The Rock Coast Rollers

A few winters ago I would sometimes meet Leila Percy, whom I knew from my frequent visits to the Atlantic Baking Company, on her way from the Lincoln Street Center.  She’d been at roller derby practice, she said.  I was amused and intrigued that a sport I’d seen on television forty or fifty years ago — a rough, fast sport for women, one that never made the sports pages — was resurfacing in Rockland.  I admired Leila and her friends for spending winter afternoons practicing.  A few months later I attended the Rock Coast Rollers’ first public bout, at the Midcoast Recreation Center in Rockport.  It was exciting.  With the skaters’ consent, I started going to practices.  In the early winter I painted, by candlelight, a group portrait of three of the skaters:  Bristol Smashin’, Scarina, and Mistress of the Knife.

Roller derby is a new sport whose rules and patterns are changing.  It’s also spectacle, with elements of theater and dance.  It’s an arena that welcomes self-expression in dress, hair, skin, speech, and movement.  Most importantly, it’s a way women can be strong and fast and agile.

As delighted as I am by the social energy and implications of roller derby, it’s the physical and psychological and tactical concerns that have come to hold the most interest and urgency for me:  the way three or four women space themselves to promote their own jammer and impede the opposing jammer; the ways they use their hips, their shoulders, their arms, their legs; the ways they look at each other and at their opponents.  These are matters of bulk and finesse, of intention and wit, of shifting formations and opportunistic bursts of speed, which I have to treat and resolve as matters of mass and space, line and color.  It’s a joyous effort.
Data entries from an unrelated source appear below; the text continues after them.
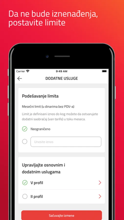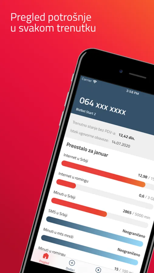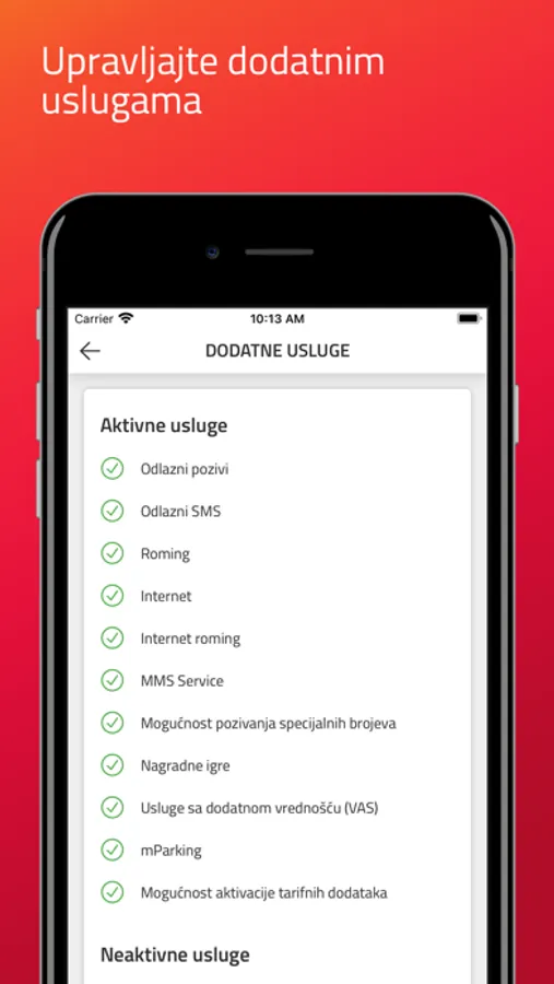 • Uvid u aktivne tarifne dodatke i dodatne usluge,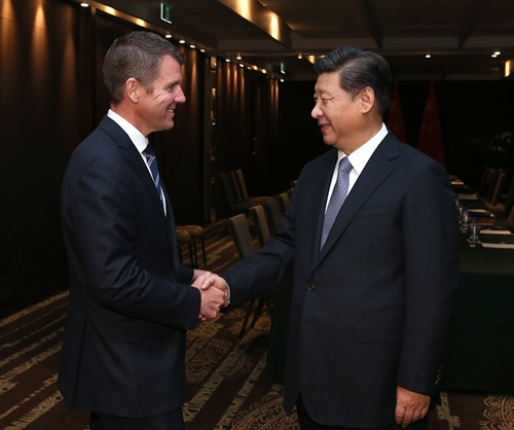 圖為習(xí)近平主席在悉尼會(huì)見(jiàn)澳大利亞新南威爾士州州長(zhǎng)貝爾德。
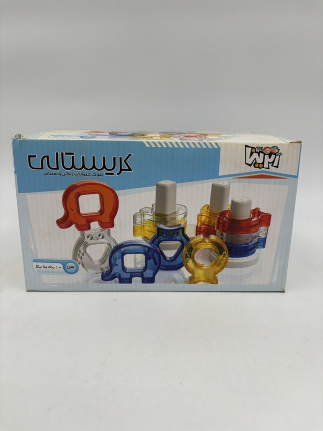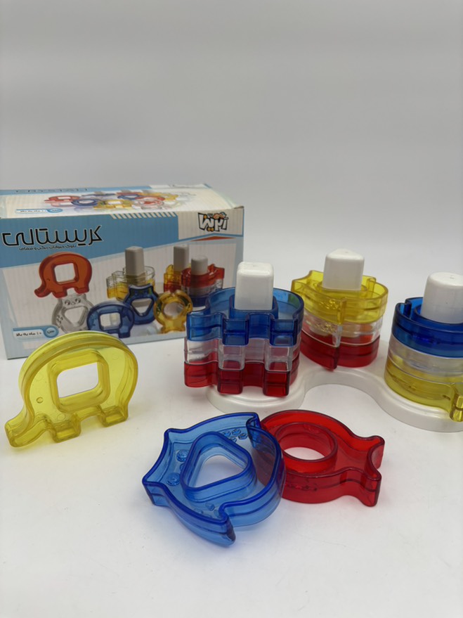 در بازی فکری کریستالی 3 مدل از حیوانات شفاف،یک پایه جایگذاری خمیده و کارت های بازی وجود دارد.در بازی کریستالی حیوانات اشکال هندسی را در وسط خود جای دادند.از این جهت چهار کارت دورو بازی به منظور مهارت افزایی در این محصول قرار داده شده است.دراین محصول قطعات طوری طراحی شده است که امکان چیدمان عمودی و افقی را برای کودک فراهم میکند.لازم به ذکر است که این بازی از مواد پلاستیکی و مناسب برای کودکان تهیه شده است.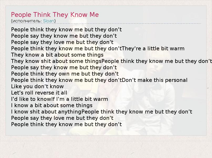 А как ты думаешь, о чем песня "People Think They Know Me" ?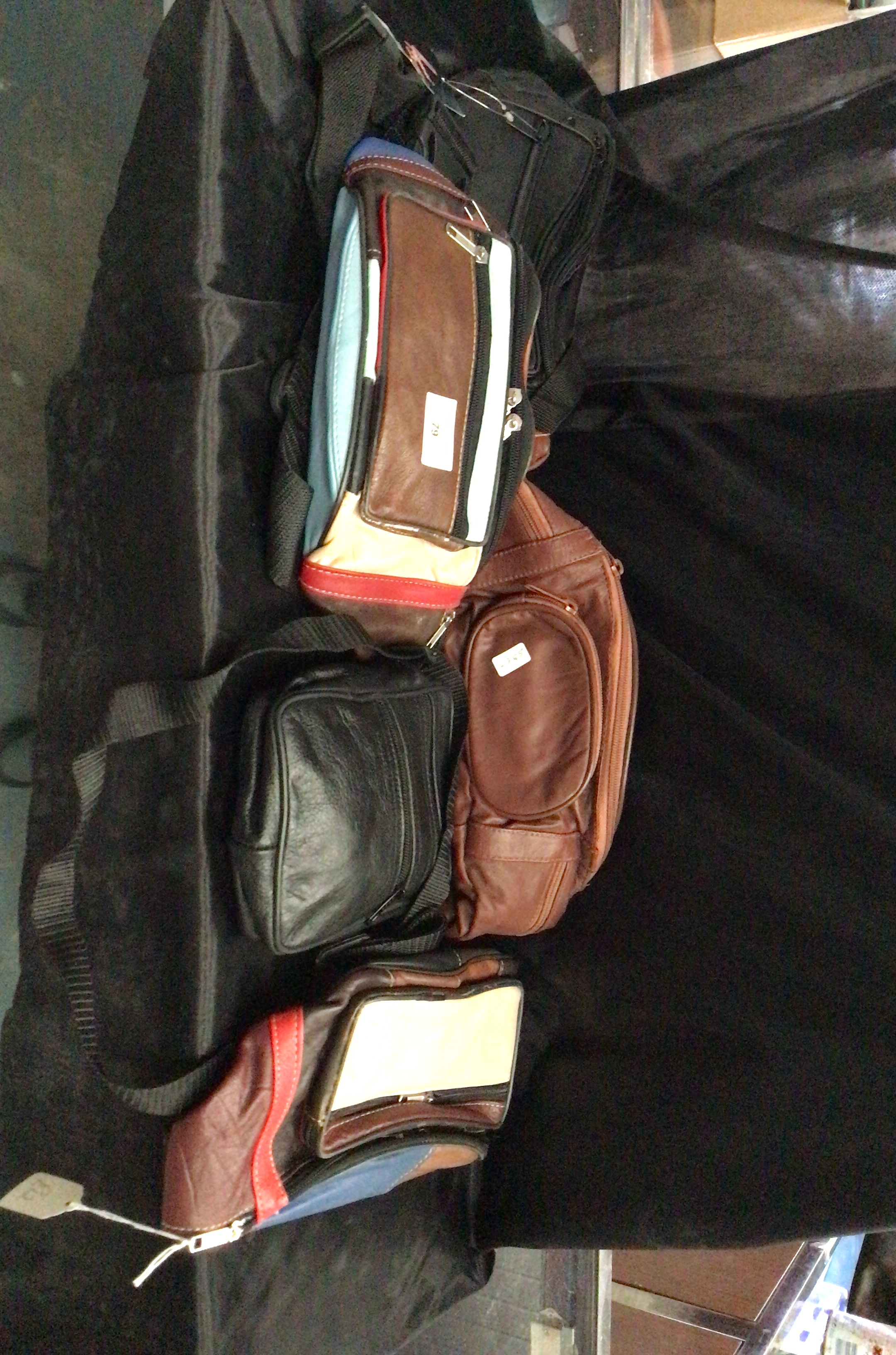 A collection of fanny packs including a multi-colored fabric option and two leather styles.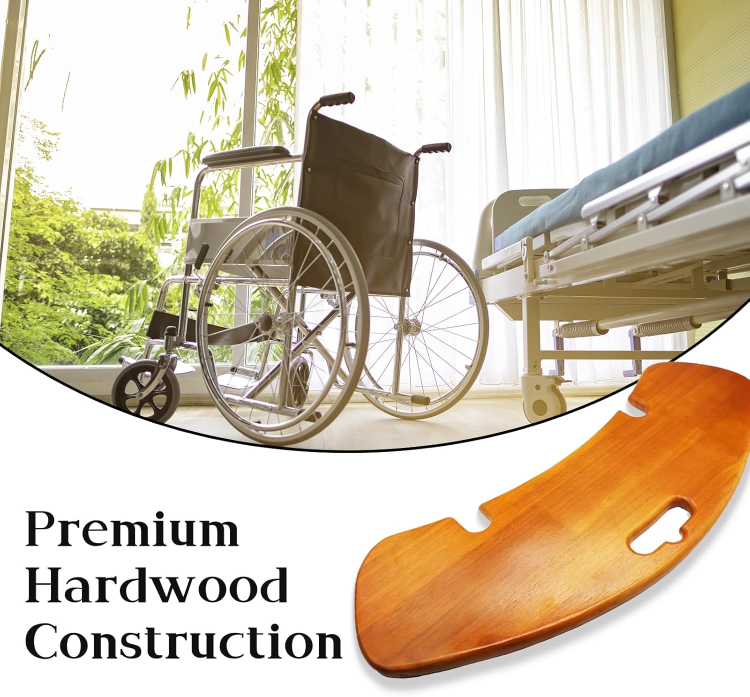 "Empower independence with our Transfer Board for Wheelchair Transfer, designed to simplify daily transitions safely and comfortably. Made from premium hardwood, this slide board combines strength (400 lb weight capacity) with a lightweight build (4 lbs), ensuring durability without sacrificing portability. Whether moving from bed to wheelchair, car to wheelchair, or navigating uneven surfaces, its 28” x 8.4” dimensions offer stability and reach. The polished surface minimizes friction for smooth sliding, while rounded edges prevent skin irritation. Perfect for home use, travel, or healthcare facilities, this transfer board is an essential mobility aid for individuals and caregivers alike."

Over the course of a year I went to several bouts and lots of practices.  Nineteen of these women came to my studio to pose.  They gladly fit themselves into the compositions I’d laid out, but invariably they improved on the poses I’d sketched.  It was exhilarating, painting them, and enjoyable talking to them.  I love the variety among the skaters, in terms of personal style, background, occupation, and volunteer activities (one, for example, is a Girl Scout leader).  I admire their mutual openness, acceptance, and encouragement.  I admire their discipline and commitment, their organizational skill, their assiduous practice and also their awareness and inventiveness, moment by moment, on the track.